With great anticipation Tuesday evening my husband and I made our way 30 minutes down the road from our house to see our first outdoor play of the season at the Oregon Shakespeare Festival in Ashland, Ore. The repertory season begins in mid-February with performances at the festival’s two indoor venues, but the summer shows in the outdoor Allen Elizabethan Theater (the oldest stage in the complex) don’t start up until early June.
The temperatures were in the low 90s with only a light breeze, so we felt confident in wearing lightweight clothing even though the play wouldn’t end until nearly 11 p.m. For the first time we chose seats in the balcony: first row and nearly dead-on center stage, and it proved an excellent perch from which to enjoy Love’s Labor’s Lost. Even though I was an English and drama major, I’d never seen nor read the play. I found the prospect delightful: Unfamiliar with the plot and characters and having no preconceived notion of what the play should be “about,” I could just let it unfold before me and discover it as new. The notes from the director in the program thankfully gave little more than the barest outline of characters and storyline, aiding in my uninformed experience.

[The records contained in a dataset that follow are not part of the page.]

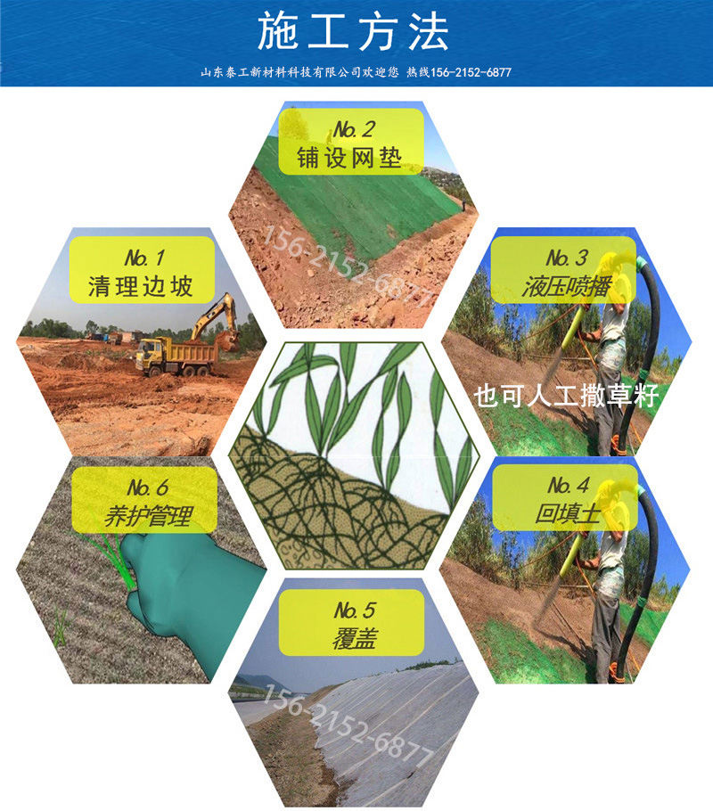 (1)铺设 将三维植被网沿坡面由上至下铺于坡面上,网与坡面之间保持平顺结合。
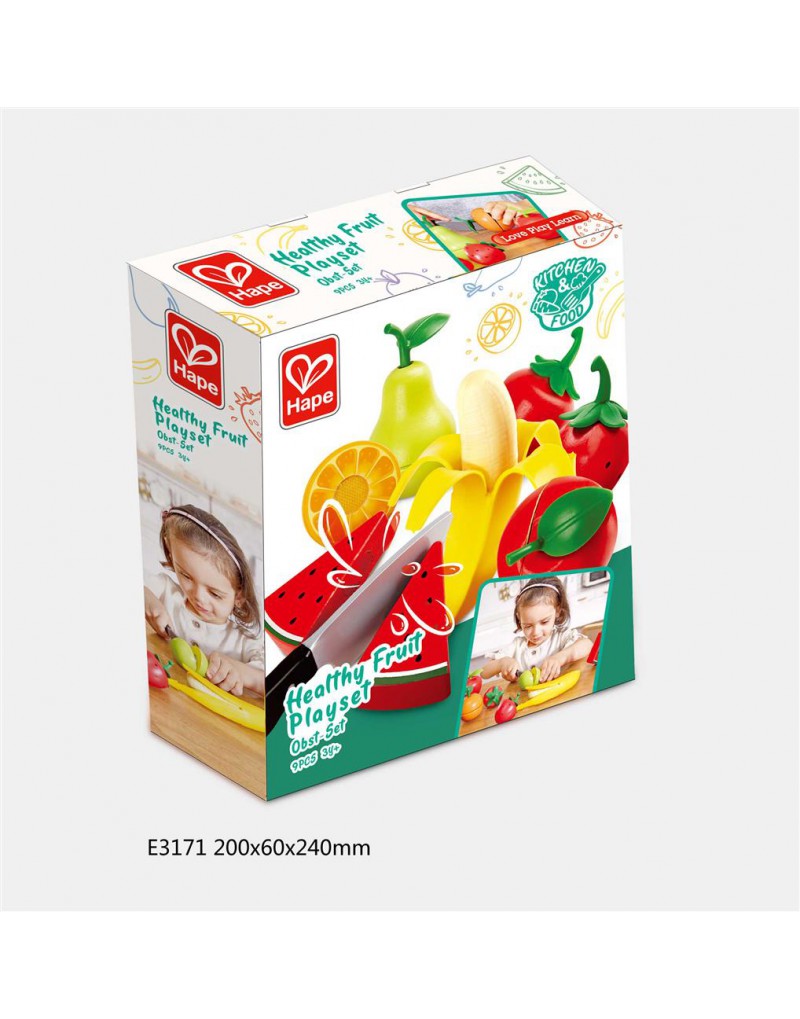 Acostúmbrate a comer de forma saludable con este bonito set de frutas. Incluye un cuchillo de juguete realista, dos fresas, una pera, una naranja, una manzana, con tallos estraíbles y una rodaja de sandía, que los peques pueden cortar con el cuchillo de juguete, además de un plátano que se puede pelar.
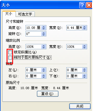 5、弹出大小对话框,选择大小选项卡,去掉锁定纵横比和相对原始图片大小复选框中的对勾,在高度、宽度输入框中输入所需要的数值即可,如图所示;

This was a production in which the youthful exuberance of the main characters gushes forth in lots of physical comedy; charming and witty repartee; and rules invented, reversed, revised, discarded and reinvented at lightning speed. Shakespeare dabbles with words, rhyme, cadence and double meaning in the same way as the players in this production splash their plain white costumes with brush strokes of color, delighting in creating a new world and new versions of themselves in the woods of Navarre.
Music and song informed much of the action in this version as well, with an onstage “band” including violin, cello, guitar, drums, keyboards and vocalists. Director Amanda Dehnert felt this contemporary commentary would help connect the audience to the meaning and texture of Shakespeare’s vernacular, and I found it helped underscore the emotional context of certain scenes, as well. This comedy ended quite differently than Shakespeare’s other, earlier ones: lessons have been learned and the characters have grown, but all is not neatly resolved with weddings and happily-ever-afters. It provided a bittersweet but utterly satisfying conclusion to this “new” find for me.
A few additional notes:
As I’ve mentioned before in my reviews of OSF productions, one of the delights in seeing repertory company performances is recognizing actors one has seen in other seasons or other plays within the same season. It allows you to develop a real sense of their range and scope and ability. This evening we saw Chris Butler, whom we saw as Othello earlier in the spring, play a ridiculous, pompous curate — a completely different character. And Jennie Greenberry who, with a lovely voice, played Belle in Disney’s Beauty and the Beast a season or two ago, this year is a wise and saucy Rosaline in Love’s Labor’s Lost.
Also, there is something extra-magical about watching a play outdoors on a summer evening. The sky slowly darkens and the stage lights glow brighter, drawing you deeper into the play itself as the stars appear, the moon rises and tiny bats flit and flicker overhead. I hope you have the opportunity to experience such magic yourself this summer!